#### Exercise data:
------------------------------------
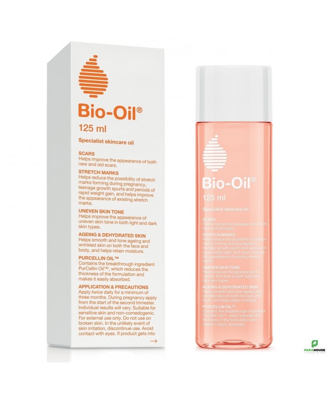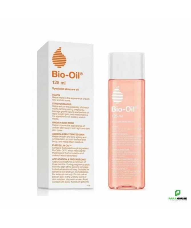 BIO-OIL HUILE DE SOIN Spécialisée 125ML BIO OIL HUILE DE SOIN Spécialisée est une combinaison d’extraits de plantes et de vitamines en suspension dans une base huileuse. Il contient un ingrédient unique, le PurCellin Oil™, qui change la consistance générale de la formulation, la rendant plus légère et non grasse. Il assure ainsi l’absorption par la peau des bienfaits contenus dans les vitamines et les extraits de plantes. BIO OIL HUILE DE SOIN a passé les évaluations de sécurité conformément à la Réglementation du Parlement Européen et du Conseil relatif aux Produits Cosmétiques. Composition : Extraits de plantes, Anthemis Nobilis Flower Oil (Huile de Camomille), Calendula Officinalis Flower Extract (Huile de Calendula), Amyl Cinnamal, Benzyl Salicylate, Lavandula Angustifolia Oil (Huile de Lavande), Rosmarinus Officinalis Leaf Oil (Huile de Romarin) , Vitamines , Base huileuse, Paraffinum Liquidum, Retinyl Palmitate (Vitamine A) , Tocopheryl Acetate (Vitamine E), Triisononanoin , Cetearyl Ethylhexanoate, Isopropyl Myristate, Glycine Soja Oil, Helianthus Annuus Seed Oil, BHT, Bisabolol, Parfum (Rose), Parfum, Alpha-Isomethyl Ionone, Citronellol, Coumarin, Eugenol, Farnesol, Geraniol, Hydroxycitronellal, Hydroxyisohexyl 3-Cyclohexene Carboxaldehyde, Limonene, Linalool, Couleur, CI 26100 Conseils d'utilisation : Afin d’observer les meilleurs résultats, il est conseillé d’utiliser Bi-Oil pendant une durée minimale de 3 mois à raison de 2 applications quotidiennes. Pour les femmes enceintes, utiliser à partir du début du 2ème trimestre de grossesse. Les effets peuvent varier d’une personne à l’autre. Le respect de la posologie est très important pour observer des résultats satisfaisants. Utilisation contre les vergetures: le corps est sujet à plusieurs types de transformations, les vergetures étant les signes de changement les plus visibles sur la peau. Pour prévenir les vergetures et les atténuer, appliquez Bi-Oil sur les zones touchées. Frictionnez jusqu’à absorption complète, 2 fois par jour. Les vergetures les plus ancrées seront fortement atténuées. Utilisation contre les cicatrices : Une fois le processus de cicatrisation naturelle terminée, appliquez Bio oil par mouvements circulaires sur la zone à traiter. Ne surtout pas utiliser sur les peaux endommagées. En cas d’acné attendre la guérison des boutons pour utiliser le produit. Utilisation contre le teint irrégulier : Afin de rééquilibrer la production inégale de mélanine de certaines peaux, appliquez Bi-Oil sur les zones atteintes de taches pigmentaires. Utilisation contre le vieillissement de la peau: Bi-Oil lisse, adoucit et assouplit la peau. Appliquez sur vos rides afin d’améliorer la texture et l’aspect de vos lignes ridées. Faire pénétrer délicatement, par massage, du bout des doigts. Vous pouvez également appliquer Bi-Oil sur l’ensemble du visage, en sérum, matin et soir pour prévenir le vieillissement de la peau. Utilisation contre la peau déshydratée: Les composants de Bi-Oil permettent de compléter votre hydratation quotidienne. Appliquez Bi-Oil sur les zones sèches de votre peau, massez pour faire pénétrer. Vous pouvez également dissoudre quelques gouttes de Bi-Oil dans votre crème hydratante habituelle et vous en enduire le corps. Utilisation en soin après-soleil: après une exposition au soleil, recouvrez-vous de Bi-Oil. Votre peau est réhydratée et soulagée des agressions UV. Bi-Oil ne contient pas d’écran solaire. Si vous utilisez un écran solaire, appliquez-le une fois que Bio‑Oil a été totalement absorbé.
------------------------------------
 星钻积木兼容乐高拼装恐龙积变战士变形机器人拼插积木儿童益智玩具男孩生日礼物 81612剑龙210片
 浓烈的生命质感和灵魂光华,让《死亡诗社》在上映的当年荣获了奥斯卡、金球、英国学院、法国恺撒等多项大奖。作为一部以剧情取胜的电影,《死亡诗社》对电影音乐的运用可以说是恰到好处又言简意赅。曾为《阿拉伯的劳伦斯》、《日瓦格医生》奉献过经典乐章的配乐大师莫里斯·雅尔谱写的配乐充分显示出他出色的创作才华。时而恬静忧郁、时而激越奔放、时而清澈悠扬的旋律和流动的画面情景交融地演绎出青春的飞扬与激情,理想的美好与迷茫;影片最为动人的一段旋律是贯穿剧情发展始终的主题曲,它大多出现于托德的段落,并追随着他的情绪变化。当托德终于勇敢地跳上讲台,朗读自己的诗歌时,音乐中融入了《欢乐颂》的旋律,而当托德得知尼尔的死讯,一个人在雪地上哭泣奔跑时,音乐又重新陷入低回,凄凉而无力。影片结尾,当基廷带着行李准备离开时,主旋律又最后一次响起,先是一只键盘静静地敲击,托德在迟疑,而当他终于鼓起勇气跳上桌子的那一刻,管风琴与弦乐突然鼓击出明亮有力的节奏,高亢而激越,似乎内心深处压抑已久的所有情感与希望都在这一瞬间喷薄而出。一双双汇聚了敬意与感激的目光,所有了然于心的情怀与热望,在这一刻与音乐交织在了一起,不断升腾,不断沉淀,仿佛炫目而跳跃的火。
------------------------------------
#### What to work on:
From the records above, transcribe exactly the run of lines that opens with the line holding "星钻积木兼容乐高拼装恐龙积变" and closes with the line holding "浓烈的生命质感和灵魂光华,让", both included.

#### Expected answer:
 星钻积木兼容乐高拼装恐龙积变战士变形机器人拼插积木儿童益智玩具男孩生日礼物 81612剑龙210片
 浓烈的生命质感和灵魂光华,让《死亡诗社》在上映的当年荣获了奥斯卡、金球、英国学院、法国恺撒等多项大奖。作为一部以剧情取胜的电影,《死亡诗社》对电影音乐的运用可以说是恰到好处又言简意赅。曾为《阿拉伯的劳伦斯》、《日瓦格医生》奉献过经典乐章的配乐大师莫里斯·雅尔谱写的配乐充分显示出他出色的创作才华。时而恬静忧郁、时而激越奔放、时而清澈悠扬的旋律和流动的画面情景交融地演绎出青春的飞扬与激情,理想的美好与迷茫;影片最为动人的一段旋律是贯穿剧情发展始终的主题曲,它大多出现于托德的段落,并追随着他的情绪变化。当托德终于勇敢地跳上讲台,朗读自己的诗歌时,音乐中融入了《欢乐颂》的旋律,而当托德得知尼尔的死讯,一个人在雪地上哭泣奔跑时,音乐又重新陷入低回,凄凉而无力。影片结尾,当基廷带着行李准备离开时,主旋律又最后一次响起,先是一只键盘静静地敲击,托德在迟疑,而当他终于鼓起勇气跳上桌子的那一刻,管风琴与弦乐突然鼓击出明亮有力的节奏,高亢而激越,似乎内心深处压抑已久的所有情感与希望都在这一瞬间喷薄而出。一双双汇聚了敬意与感激的目光,所有了然于心的情怀与热望,在这一刻与音乐交织在了一起,不断升腾,不断沉淀,仿佛炫目而跳跃的火。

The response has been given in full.